Montee's audit said grain regulators in the Department of Agriculture could have spotted problems with the Gieseker Grain Dealership as early as September of 2008, simply by verifying the financial information supplied by Cathy Gieseker, who is now doing time for fraud.
"And what we found is had they uncovered this, which they could have done using their own procedures, the losses would have been about eleven million dollars less,” Montee said.
Authorities said Gieseker used a ponzi scheme to attract business, ultimately bilking 180 farmers out of more than $27 million.
"I think it's gone,” Cheated farmer Tim Lowrance said. “Lick your wounds and go on.”

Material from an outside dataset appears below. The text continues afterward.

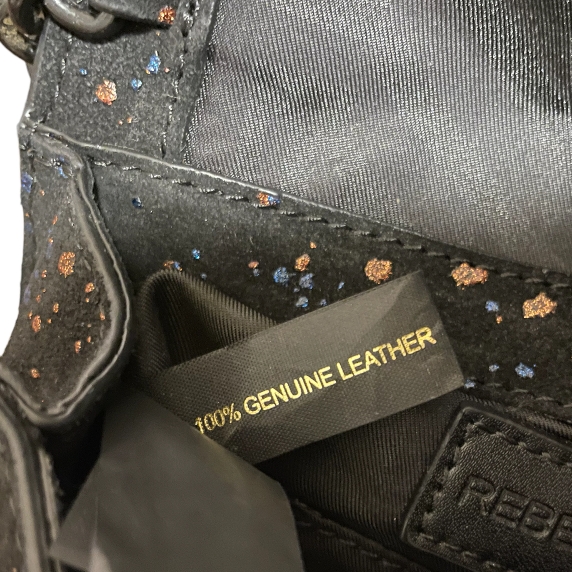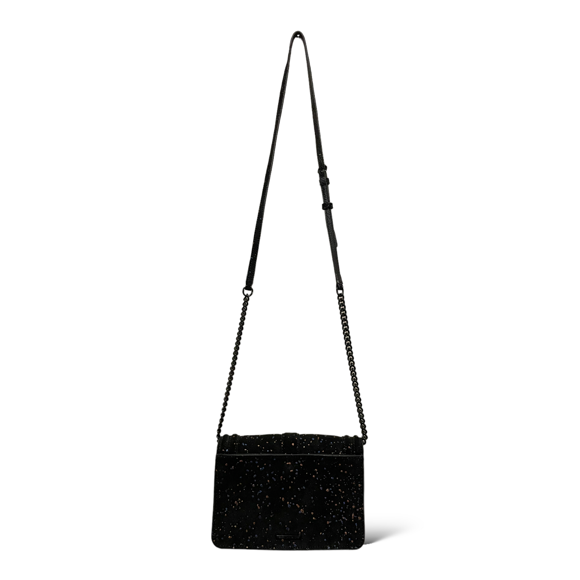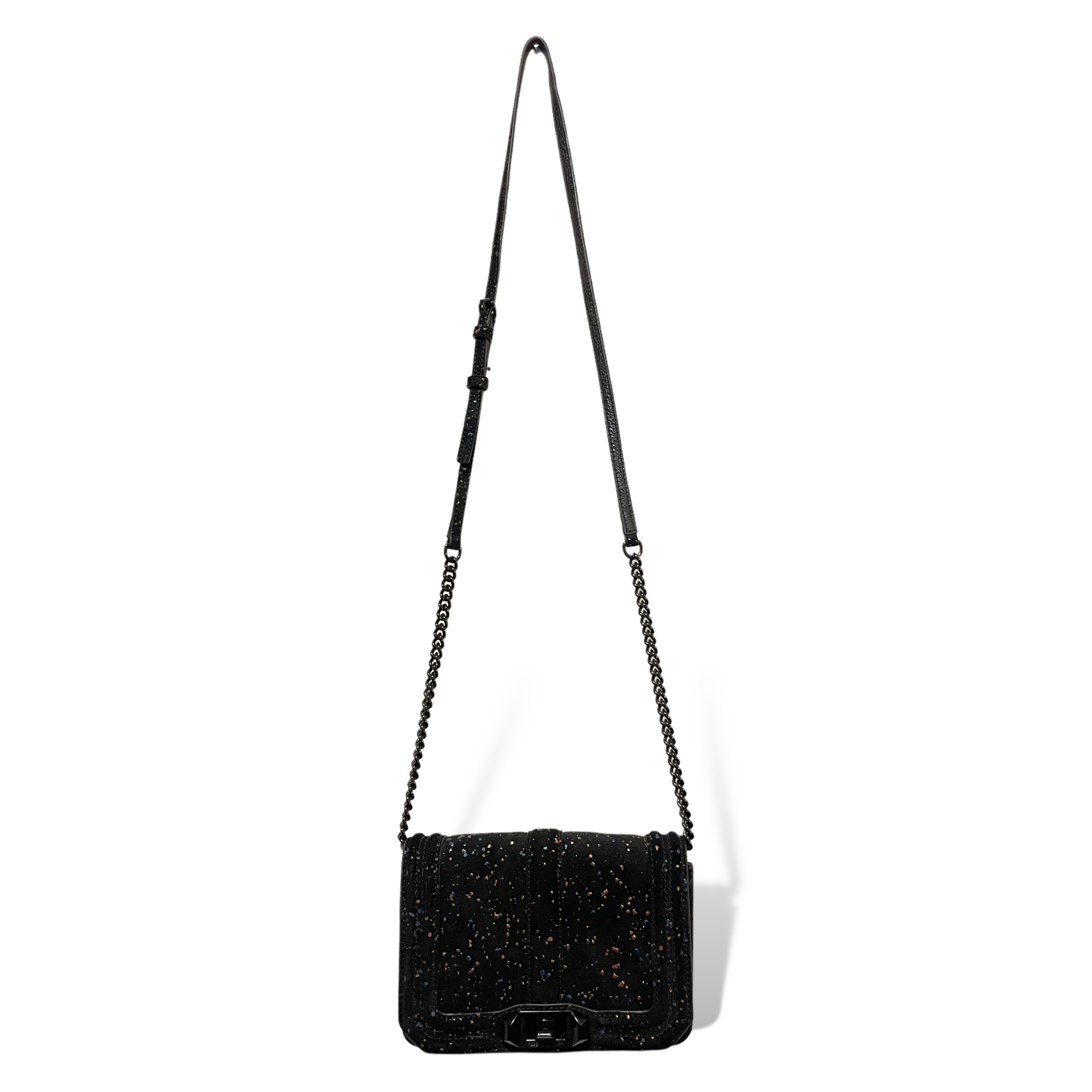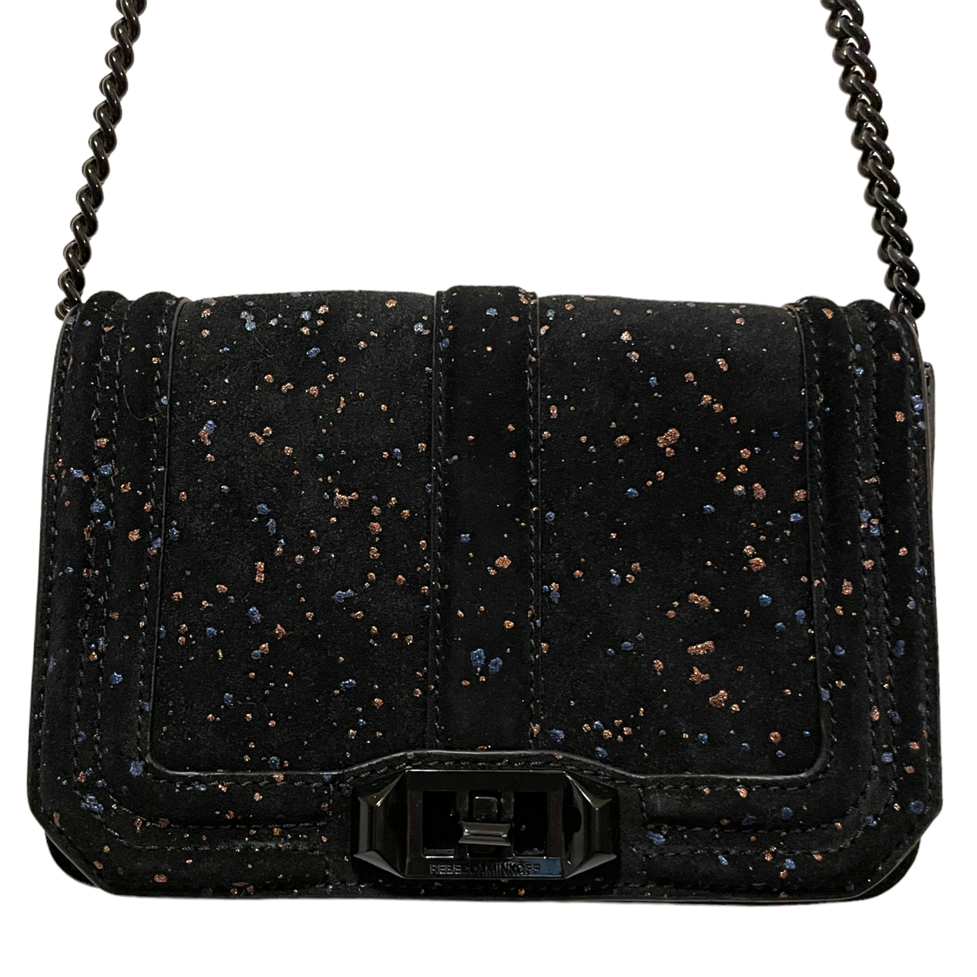 Rebecca Minkoff Black Hardware & Suede Crossbody Bag with Cobalt Blue & Rose Gold Splatter

Montee said a tradition of hand-shake deals and hands-off regulation allowed the fraud to continue much too long.
"The producers, themselves, need to be more aware of what's going on,” Montee said.
Montee said the Agriculture Department should increase the bonding requirements for dozens of Missouri grain dealers and look into the creation of an indemnity fund. In its formal response, the Agriculture Department concedes past shortcomings and points to new safeguards, including larger bonding requirements in some cases.
However, Montee said the changes instituted agriculture appears to have minimized the impact of two more grain dealership failures within the past year.
Last year, Agriculture Director Jon Hagler said assurity bonding is a delicate balance.
"On the one hand, the bonding is very low,” Hagler said. “On the other hand, if you raise that bond too high, then small warehousers go out of business and then you reduce competition and farmers are harmed that way."